Buzlar çözülünce
08 Şubat 2006 Çarşamba, 19:13 | Film / TV, MematAnkara’da ben (az olan) ömrühayatımda bu kadar uzun ve soğuk bir dönem görmedim. Hava sıcaklığı iki hafta boyunca gece -10 ile -19 arasında gezdi. Kaloriferler forla (fora kelimesinden az önce türettim) yandı. Hava sıcaklığı gündüz bile 0’ın üzerine çıkmadığından her taraf karla kaplı kaldı. Sanki dağlık bir bölge gibiydi. Trafik azaldı, insanlar daha çok toplu taşıma ve taksi kullanmaya başladılar. Araçlar yavaş gittiğinden bir yerden bir yere gitmek de daha fazla zaman aldı. Erikli’den damacana ile su istediğimde tamamen donmuş gelmesi ayrı bir boylamdı. “Doktor bu ne?” dediğimde de adam ellerini yana açarak “Hepsi böyle abi” demişti. Suyu içebilmek için çözülmesi bile bir güne yakın zaman aldıydı.

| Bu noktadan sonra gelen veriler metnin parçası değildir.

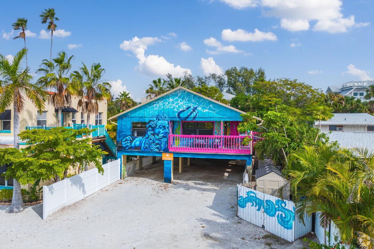 Presenting an exclusive opportunity on Siesta Key Beach – an exceptional duplex for your consideration. This is situated directly on Beach Road, boasting a consistent income stream. It can be retained as a lucrative investment or transformed into a grand three-story duplex with the potential for even greater returns. This property is divided into two separate units: a 2-bedroom, 2-bathroom unit and a 2-bedroom, 1-bathroom unit. With its rare zoning approval for short-term and nightly rentals, this property is perfect for use as a primary home, vacation home, or income-generating investment. This home's revenue is sure to exceed your expectations. All aspects of the rental, including cleaners, management, and handyman services, are already in place, ensuring a seamless and hassle-free transition. This property has earned a 4.9-star rating as a VRBO 'Premier Host and is recognized as an Airbnb 'SuperHost'. Included is an already preapproved plan with permits paid and engineered drawings approved to enclose the bottom garage area, adding an additional 2,000 square foot of space. Custom murals throughout the house making it one of the most sought after and unique homes on Siesta Key. Both units have undergone recent upgrades, including new floors, fresh paint, new bathrooms, and stylish new furnishings. Local artist-created custom murals provide pops of color to the traditional shiplap walls, and built-ins. The kitchens feature granite countertops and stainless-steel appliances, and the exteriors offer new fencing, a stone-paved patio with two grills, 2 private hot tubs, 2 tiki huts and a large heated pool. Entire in-house property management, cleaners, handyman, etc to stay with the sale making it turnkey and easy to operate. The management fee cost is about 3.5%, not the standard 20% as in most cases. The home brought in over $386,000 gross in last 12 months. Gross cap rap is at 11%. This is unheard of on such a great property that will continue to grow in value.

Birkaç gündür hava pek ısındı. Isındı dediğim, artık gündüz 0’ın üstünü görebiliyor, geceleri de -4, -5 civarlarında geziyor. Hayat normale dönmeye başladı. Karlar eriyor, sokaklarda su formunda akıyorlar. Donan su borularındaki sular çözüldü. Tabii her boru bu acıya dayanamadı, Türközü’ndeki Genç Kız Evi‘ni su bastı. Trafik de geri döndü tabii, insanların kendilerine güvenemeyip karların içinde gömülü bıraktıkları arabaları tekrar yollarda.
Buzlar Çözülmeden filmi aklıma geldi, aslında tiyatro oyunundan uyarlama olduğunu okumuştum ama hiç tiyatroda izleme fırsatım olmadı. Türk sinemasında izlediğim nadir “kör göze parmak” olmayan, mesaj kaygısını buram buram hissetmediğiniz akıl dolu bir film. Yolları kardan kapanan bir Anadolu kasabasında geçiyor, hala rastladıkça takılıp izliyorum.